DANBURY, Conn. -- U.S. Rep. Elizabeth Esty (D-5th District) announced Wednesday that she will introduce the Senate’s Court Obligations Trump Unconstitutional Stalling (SCOTUS) Act, a bill designed keep Congress in session if the Senate does not consider President Barack Obama’s nomination of Chief Judge Merrick Garland to fill the late Antonin Scalia’s seat on the United States Supreme Court within 125 days. 

“Last week, Senate Majority Leader Mitch McConnell insisted that he will refuse to consider Judge Garland’s nomination,” Esty said. “Members of the House and Senate get paid to make difficult choices on difficult issues every day. That responsibility doesn’t just disappear in the last year of a Presidency." 

In modern history, the Senate has never refused to at least hold confirmation hearings on a Supreme Court nominee, whether or not the Senate majority supports that particular nomination, Esty said.
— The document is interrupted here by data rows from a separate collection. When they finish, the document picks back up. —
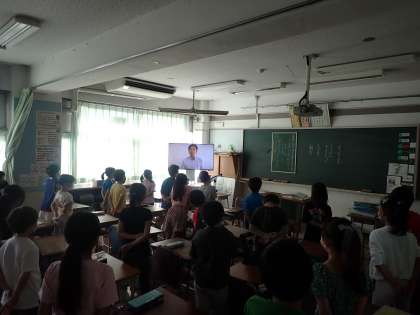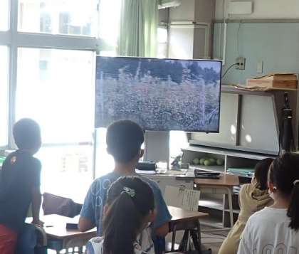 青鹿校長先生から、5年生の川場移動教室のお話がありました。木の写真の提示に「これは何だと思いますか。」と聞かれると、2年生の教室からは「りんご!」と歓声があがりました。木になっているりんごによく気がつきました。感心しました。キャンプファイヤーの写真も、食い入るように見ていました。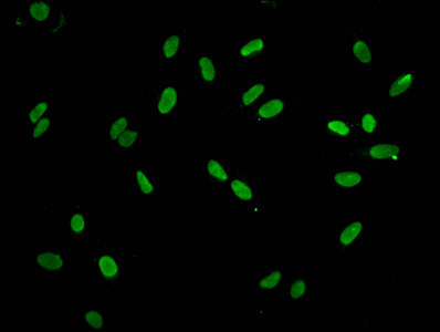 Immunofluorescent analysis of Hela cells using CSB-PA010389PA95nforHU at dilution of 1:100 and Alexa Fluor 488-congugated AffiniPure Goat Anti-Rabbit IgG(H+L)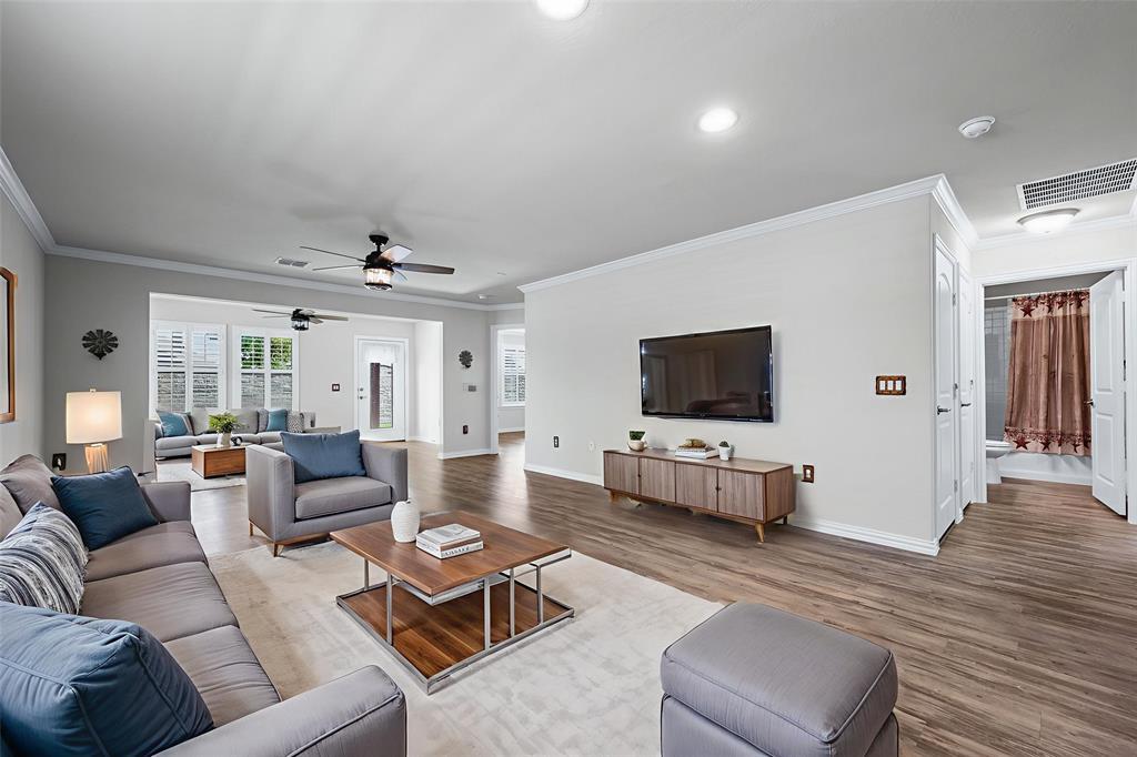 This is the home you have been waiting for! Pristine, move-in ready! This well-loved and well maintained 2-bedroom, 2-bath home boasts a light-filled open plan design perfect for hosting friends and family. The home is well-appointed with elegant, low-maintenance luxury vinyl plank through-out, plantation shutters through-out, granite countertops, and upgraded appliances - washer, dryer and refrigerator are INCLUDED. The primary bath offers a barrier-free tiled shower, dual sinks, granite counter tops and a spacious walk-in closet. Outside, the custom covered patio and private backyard is perfect for enjoying morning coffee or gathering with neighbors. Make this fabulous home yours and enjoy the lifestyle you have been looking for just steps outside of your door with outstanding amenity centers, resort-style pools, fitness facilities, numerous clubs, ponds, walking trails, pickleball and bocce ball courts, fishing, disk golf, and a full-time lifestyle director for planned events.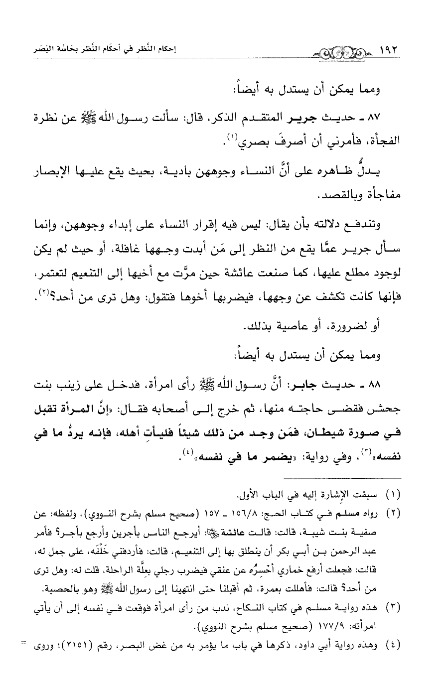 وتندفع دلالته بأن يقال: ليس فيه إقرار النساء على إبداء وجوههن، وإنما سأل جرير عمَّا يقع من النظر إلى مَن أبدت وجهها غافلة، أو حيث لم يكن لوجود مطلع عليها، كما صنعت عائشة حين مرَّت مع أخيها إلى التنعيم لتعتمر، فإنها كانت تكشف عن وجهها، فيضربها أخوها فتقول: وهل ترى من أحد؟ (¬2).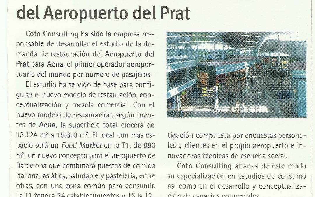 Coto Consultting ha sido al empresa responsable de desarrollar el estudio de la demanda de restauración del Aeropuerto del Prat para Aena,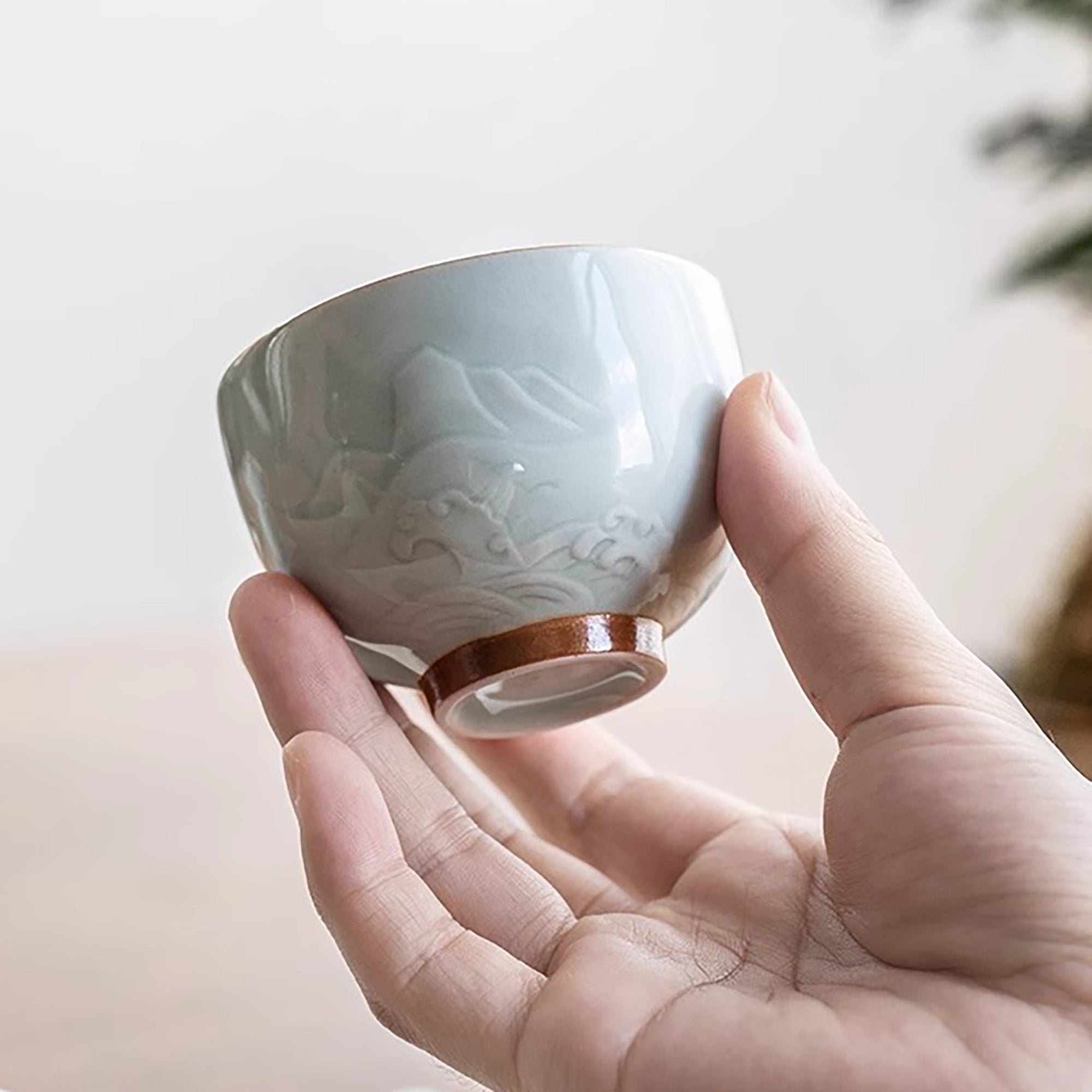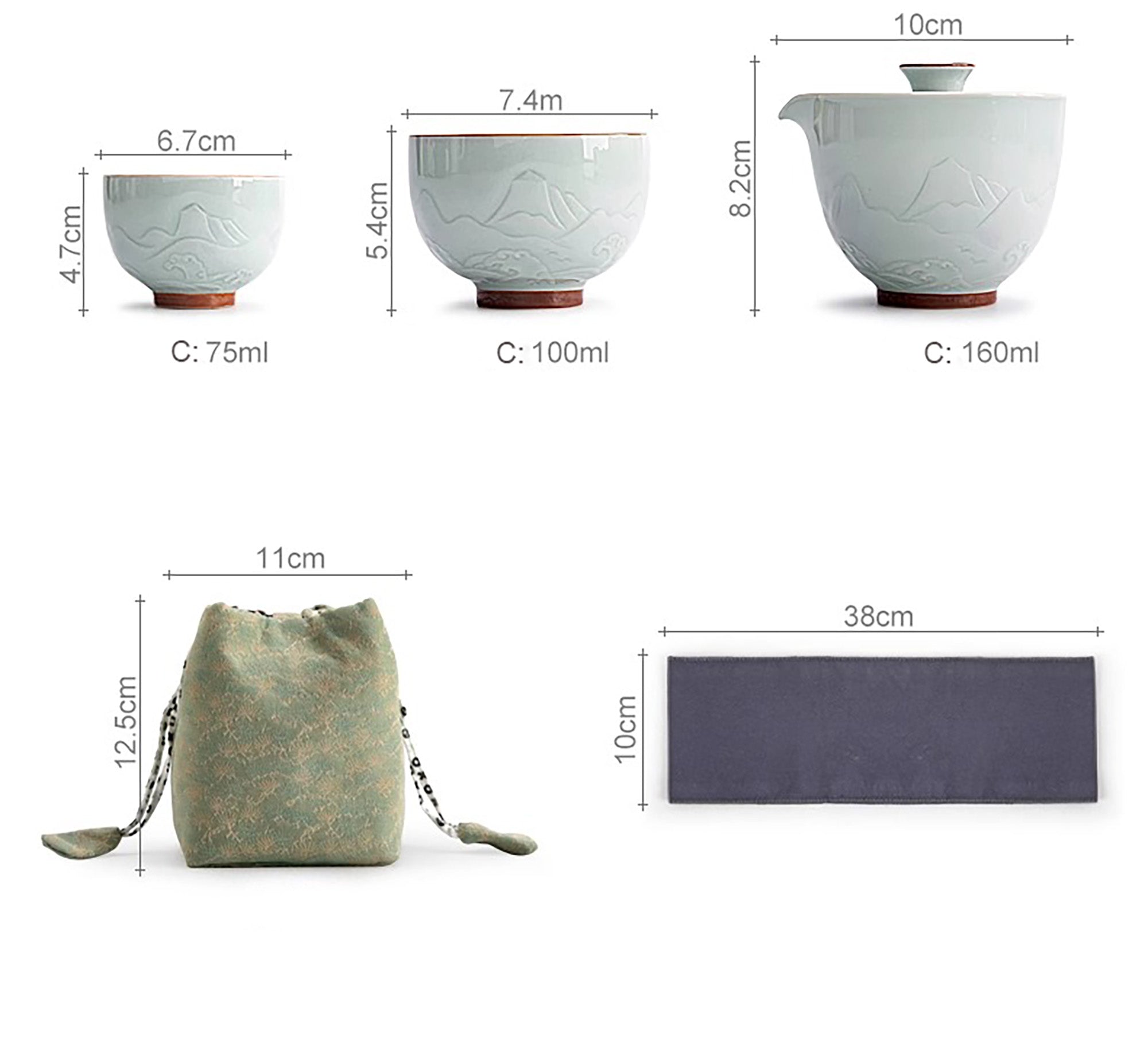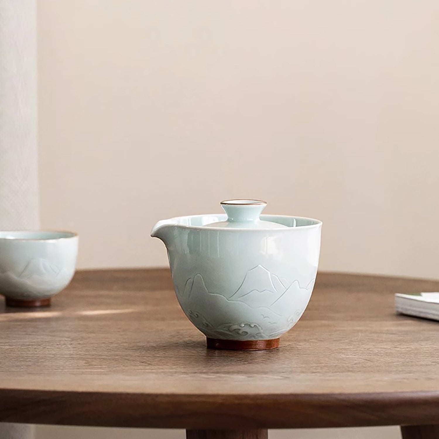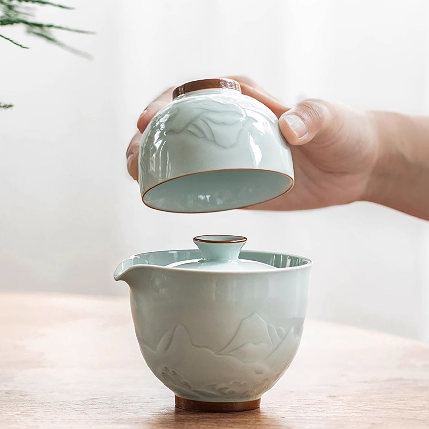Service à thé portable en porcelaine avec motif en relief Montagnes et Mers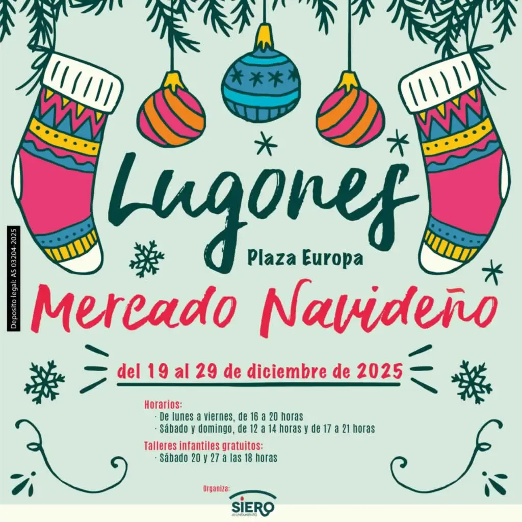 Del 19 al 29 de diciembre de 2025, la Plaza de Europa de Lugones (Asturias) se convertirÔ en el corazón de la Navidad con la celebración del Mercado Navideño de Lugones 2025. Durante diez días, vecinos y visitantes podrÔn disfrutar de un espacio mÔgico, repleto de luces, casetas de madera decoradas con motivos navideños, productos únicos y actividades pensadas para todos los públicos.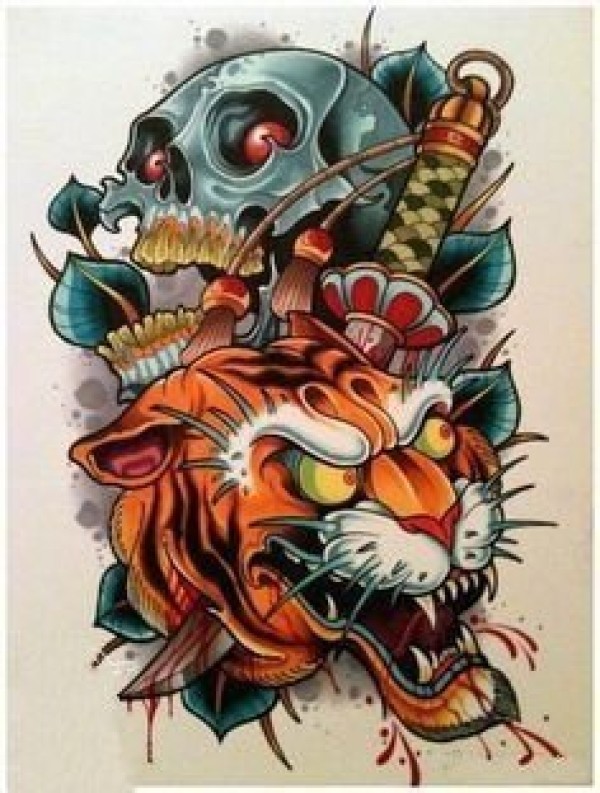 新传统手稿:27张漂亮的 彩色新传统纹身手稿图案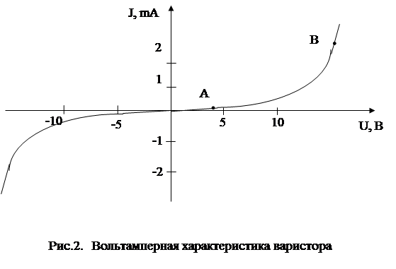 - 3-я цифра - порядковый номер разработки (как в нашем примере), или величину классификационного напряжения варистора (напр. СН1-10-47). Вольтамперная характеристика (ВАХ) варистора нелинейна и симметрична (рис.2).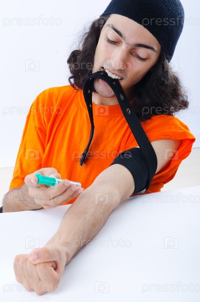 Молодой наркоман со шприцем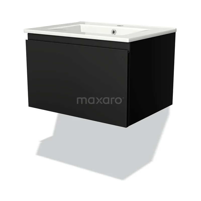 Badmöbel 60cm Modulo Matt Schwarz 1 Schublade griffloses Waschbecken aus Keramik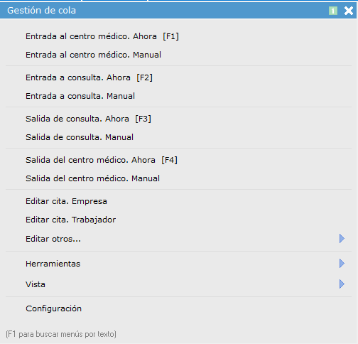 Desde el menú superior 'Gestión de Cola', o pulsando con botón derecho del ratón sobre el listado de trabajadores, desplegaremos un menú con las siguientes opciones:
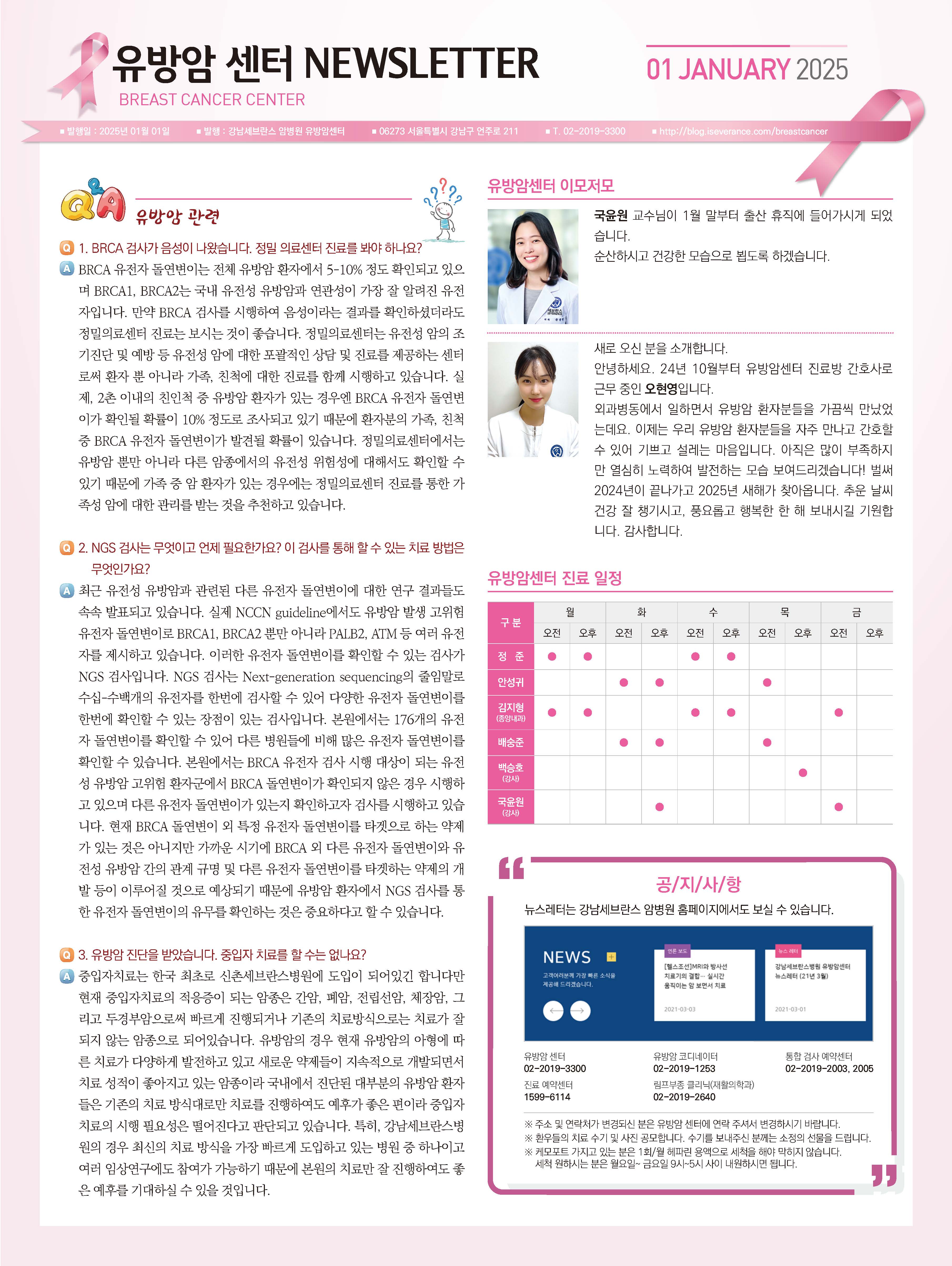 뉴스레터 강남세브란스암병원 유방암센터 뉴스레터 (2025년 1월) 관리자 2025-01-16 조회수 2933 목록 이전글강남세브란스암병원 유방암센터 뉴스레터 (2024년 10월) 다음글강남세브란스암병원 유방암센터 뉴스레터 (2025년 4월)

The Senate has constitutional authority to reject nominees, yet in U.S. history every nominee who has not withdrawn from consideration has received a vote within 125 days of nomination. 

The SCOTUS Act will require Congress to remain in session through the summer, during the July party conventions, and through the rest of the year.

“We should put country before politics and give Judge Garland full consideration for this extraordinarily important position for which he has been nominated and is immensely qualified," Esty said. "We should stay in session until the Senate acts as our founding fathers intended. We need to send a clear message that a functioning Supreme Court matters far more than election-year partisanship.” 

The Senate has never taken more than 125 days to vote on a nominee for the Supreme Court from the time of nomination. Since Obama nominated Garland on March 16, that 125-day timeline would end on July 19 – which coincides with the first week of the summer recess. 

Under the SCOTUS Act, once 125 days expire after the time of the president’s nomination, Congress must remain in session until the Senate holds a vote on the nominee.